# Lotus ?



## rjwolfe3 (Mar 10, 2009)

*Lotus Question*

I am going to be purchasing a Lotus kit from CSUSA.  I will be replacing the factory nib with one from Lou.  Do I need to buy the fountain kit or can I use the rollerball kit since I am replacing the nib?


----------



## ldb2000 (Mar 10, 2009)

Rob you need the Front section from the FP for the nib and feed holder and the FP grip .


----------



## texasfootball21 (Mar 10, 2009)

It would be best to go with the FP kit, you will still need the feed and grip, even if you do not use the provided nib.


----------



## rjwolfe3 (Mar 10, 2009)

K cool thanks.


----------



## texasfootball21 (Mar 10, 2009)

Good luck with the pen, hope it turns out well.


----------



## rjwolfe3 (Mar 10, 2009)

Me too - first one I've made.  First time with Amboyna burl as well.  The nib will be a custom ground calligraphy nib.  This is for my favorite customer.  She all ready owns many of my pens.


----------



## texasfootball21 (Mar 10, 2009)

If you have return customers you must be talented. Its a great feeling when a customer comes back for more, she must really find your art very special. 

Sounds like quite a custom order. Would love to see the pen posted when you finish, I'm sure your client will love it.


----------



## JohnU (Mar 11, 2009)

Looking forward to seeing it Rob.  Ive yet to make a FP too but kicking the idea around. Keep us posted.


----------



## amosfella (Mar 11, 2009)

the tapered part of the lotus rollerball does not unscrew.  The fountain pen is necessary.  Unfortunately for your pocketbook.  
The only other way would be to buy the nibs, feeds, and grips seperately.  If someone wanted to do a group buy from dayacom, the days of buying the overpriced fountain pen models would be over......


----------



## chriselle (Mar 15, 2009)

texasfootball21 said:


> If you have return customers you must be talented.
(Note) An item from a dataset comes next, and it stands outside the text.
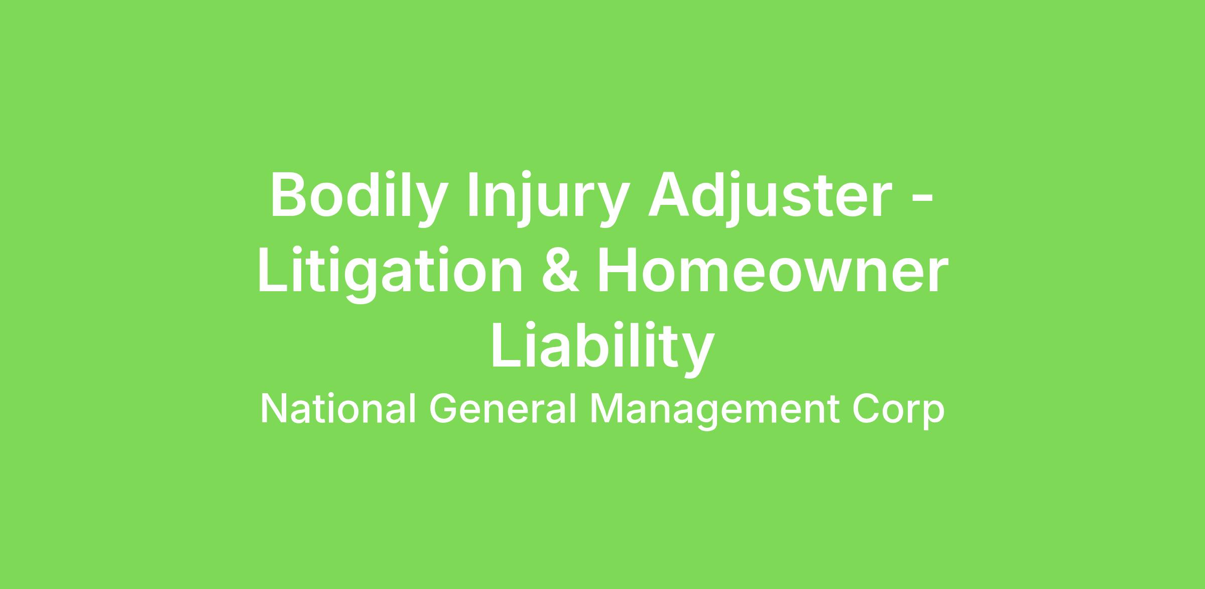 Bodily Injury Adjuster - Litigation & Homeowner Liability

Its a great feeling when a customer comes back for more, she must really find your art very special.
> 
> Sounds like quite a custom order. Would love to see the pen posted when you finish, I'm sure your client will love it.



I'll second that.  Reminds me of the group of ladies that drop by my shop every other week to check out what's new.  
  I'd like to see that pen, too.


----------